Work request
Without the pictures, can you quote each line below exactly?

Information supplied
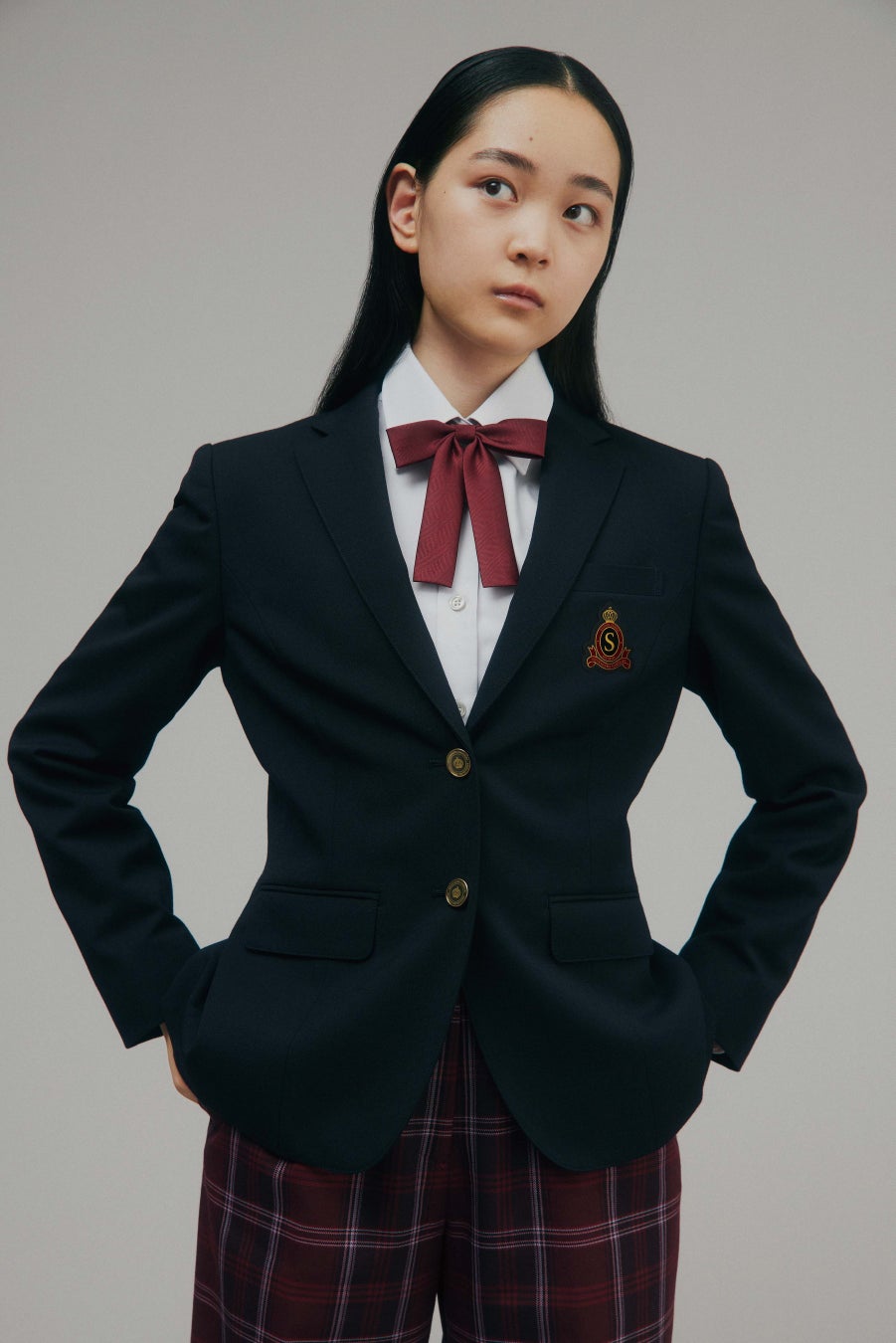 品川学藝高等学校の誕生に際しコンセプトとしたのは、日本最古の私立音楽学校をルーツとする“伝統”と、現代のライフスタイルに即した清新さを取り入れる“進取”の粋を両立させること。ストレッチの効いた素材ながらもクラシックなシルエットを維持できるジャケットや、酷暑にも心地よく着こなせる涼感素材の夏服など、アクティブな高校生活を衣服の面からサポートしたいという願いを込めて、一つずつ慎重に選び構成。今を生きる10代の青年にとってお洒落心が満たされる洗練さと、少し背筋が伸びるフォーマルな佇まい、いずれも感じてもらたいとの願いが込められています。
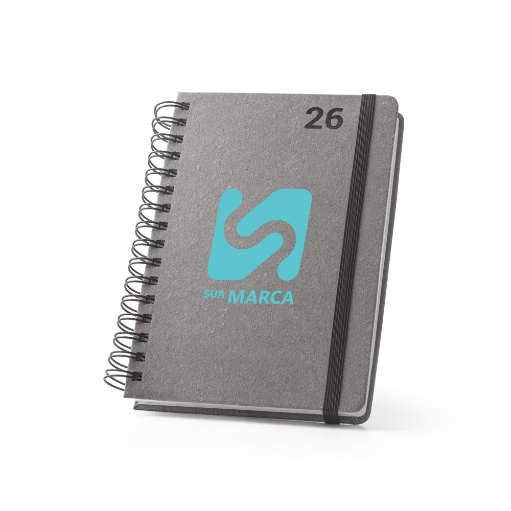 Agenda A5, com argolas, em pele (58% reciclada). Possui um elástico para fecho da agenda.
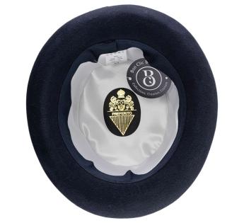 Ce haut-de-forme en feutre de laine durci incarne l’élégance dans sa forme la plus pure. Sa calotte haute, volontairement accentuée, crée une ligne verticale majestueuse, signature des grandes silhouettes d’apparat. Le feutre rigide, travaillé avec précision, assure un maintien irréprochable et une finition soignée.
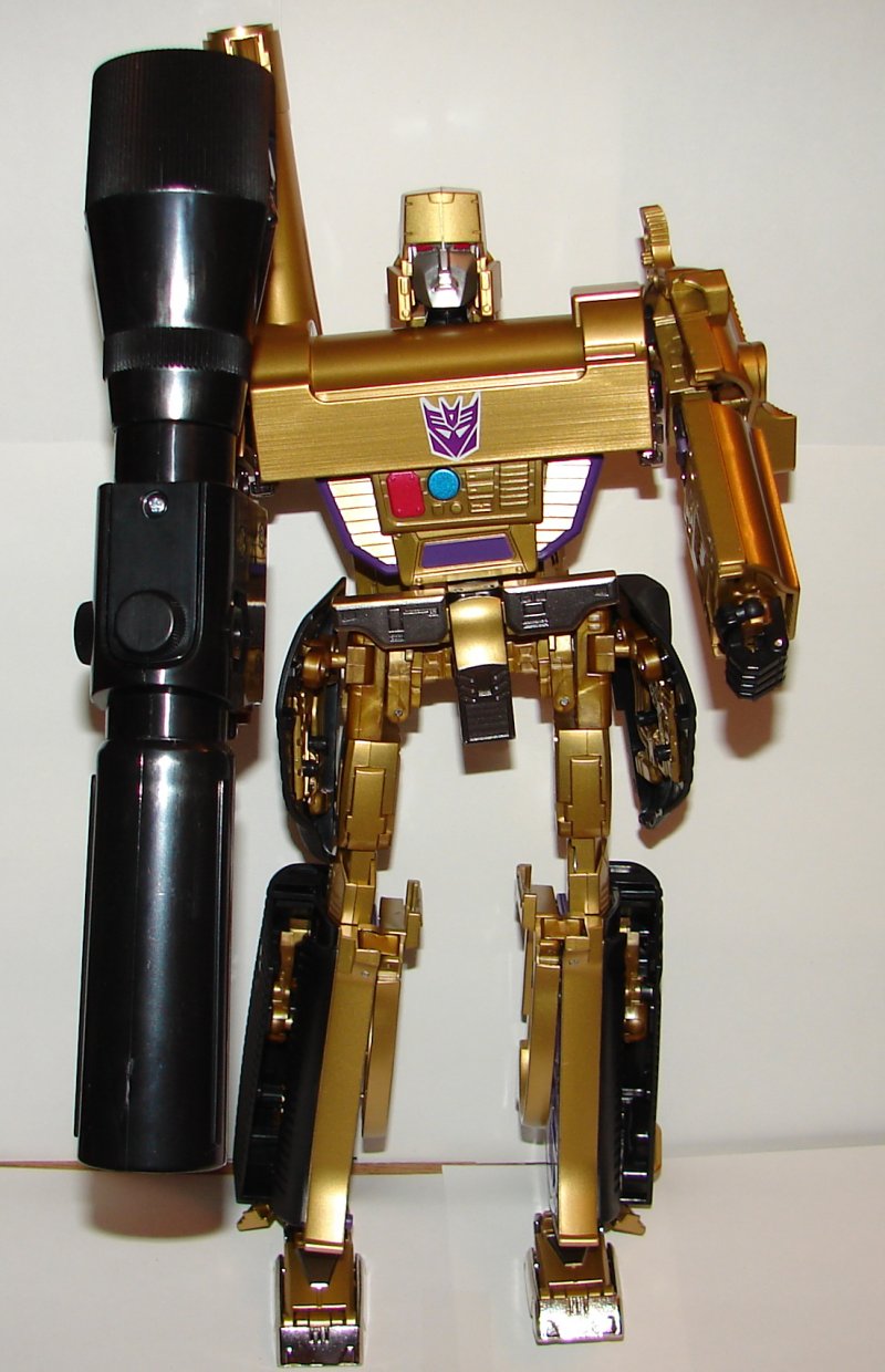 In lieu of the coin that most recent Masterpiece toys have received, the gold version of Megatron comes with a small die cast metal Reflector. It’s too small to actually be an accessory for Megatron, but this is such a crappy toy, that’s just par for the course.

Answer space
 品川学藝高等学校の誕生に際しコンセプトとしたのは、日本最古の私立音楽学校をルーツとする“伝統”と、現代のライフスタイルに即した清新さを取り入れる“進取”の粋を両立させること。ストレッチの効いた素材ながらもクラシックなシルエットを維持できるジャケットや、酷暑にも心地よく着こなせる涼感素材の夏服など、アクティブな高校生活を衣服の面からサポートしたいという願いを込めて、一つずつ慎重に選び構成。今を生きる10代の青年にとってお洒落心が満たされる洗練さと、少し背筋が伸びるフォーマルな佇まい、いずれも感じてもらたいとの願いが込められています。
 Agenda A5, com argolas, em pele (58% reciclada). Possui um elástico para fecho da agenda.
 Ce haut-de-forme en feutre de laine durci incarne l’élégance dans sa forme la plus pure. Sa calotte haute, volontairement accentuée, crée une ligne verticale majestueuse, signature des grandes silhouettes d’apparat. Le feutre rigide, travaillé avec précision, assure un maintien irréprochable et une finition soignée.
 In lieu of the coin that most recent Masterpiece toys have received, the gold version of Megatron comes with a small die cast metal Reflector. It’s too small to actually be an accessory for Megatron, but this is such a crappy toy, that’s just par for the course.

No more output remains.